Common skin conditions experienced during breastfeeding

Nursing can be a painful struggle for both mother and child. One study of 100 women found that 96 percent experienced sore nipples in the first week of breastfeeding, which peaked at days 3 to 6.1

Nipple dermatitis

  • The most common reason why it initially occurs is because of poor latch, which is the position of the baby's mouth on the mother's nipple.
  • Lactation consultants can make recommendations to the mother to improve latch and limit the abrasions and trauma to the nipple.

Breast pain

Breast pain also may be caused by an underlying dermatologic problem such as atopic dermatitis or allergic contact dermatitis, plugged ducts, fungal and bacterial infections, and Raynaud's phenomenon, which occurs when blood vessels constrict due to a drop in temperature of the skin and cause pain.

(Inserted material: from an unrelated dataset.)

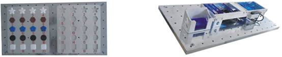 圖塊搬運模型:多形狀物料搬運:機器人通過(guò)吸盤(pán)夾具依次把一個(gè)物料板擺放好的多種形狀物料(方形、圓形、五邊形、六邊形、五角星)拾取搬運到另一個(gè)物料板上;圓形物料搬運:機器人通過(guò)吸盤(pán)夾具依次把一個(gè)物料板擺放好的物料拾取搬運到另一個(gè)物料板上;物料板可以水平固定到操作臺,也可傾斜一點(diǎn)角度安裝到操作臺;圓形物料有兩種,一種金屬錢(qián)幣形物料,一種單面錐形物料;每個(gè)物料板對應工位都蝕刻有物料編號;搬運形式可根據要求靈活組合,形式多樣,能滿(mǎn)足平面、斜面、陣列、指定編號位置、多種物料混合等要求;強化對機器人點(diǎn)位示教技能移訓練。

Atopic dermatitis/allergic contact dermatitis

  • Nursing mothers with a history of atopic dermatitis are more likely to experience nipple dermatitis.
  • Dermatitis may be caused by an allergy to lactation bras and lanolin, which is recommended by lactation consultants to soothe tender nipples.
  • If hydrogels are used, reduce infection risk by cleaning them after each use with soap and water and replacing them at least every three days.
  • Warm water compresses have been shown to effectively reduce pain. Certain home remedies should be avoided as these may actually harm the nipples.

Plugged ducts

  • If superficial, these appear as small blisters on the nipples and result in a sharp, stabbing pain. If they occur deeper in the breast tissue, a tender, non-inflammatory lump in the breast may be found.
  • Plugged ducts may be caused by tight-fitting bras or infrequent expression of milk.
  • Milk blisters, which are superficial plugged ducts, can be treated with fine needle aspiration.
  • If milk blisters are recurrent, pumping mothers should use the lowest settings possible on the suction and verify the breast shield size with a lactation consultant.
  • It is critical to see a dermatologist in order to distinguish milk blisters from herpes simplex virus, which could cause an infant to develop a life-threatening infection.
  • A chronically plugged duct may result in creating a milk cyst or galactoceles. Larger cysts need to be surgically removed to prevent infection.

Fungal and bacterial infections

  • When milk stagnates and is not regularly expressed, inflammation of breast tissue (mastitis) can result.
  • Mastitis may be characterized by physical discomfort and a high fever (above 100 degrees).
  • Patients who believe they may have mastitis should seek medical care as an antibiotic or antifungal treatment may be needed.

Raynaud's phenomenon

  • Pain and temporary loss of color can occur when small arteries of the nipple constrict or vasospasm due to a drop in temperature.
  • This condition is thought to be quite rare when involving the nipple, but quite common when involving the hands, affecting up to 20 percent of women.2
  • If mothers believe they may have Raynaud's phenomenon, they should consult their physician for treatment options and avoid external agents that constrict blood vessels such as cold temperatures and caffeine.

1Tait P. Nipple pain in breastfeeding women: causes, treatment, and prevention stratgies. Midwifery Womens Health 2000; 45: 212-5.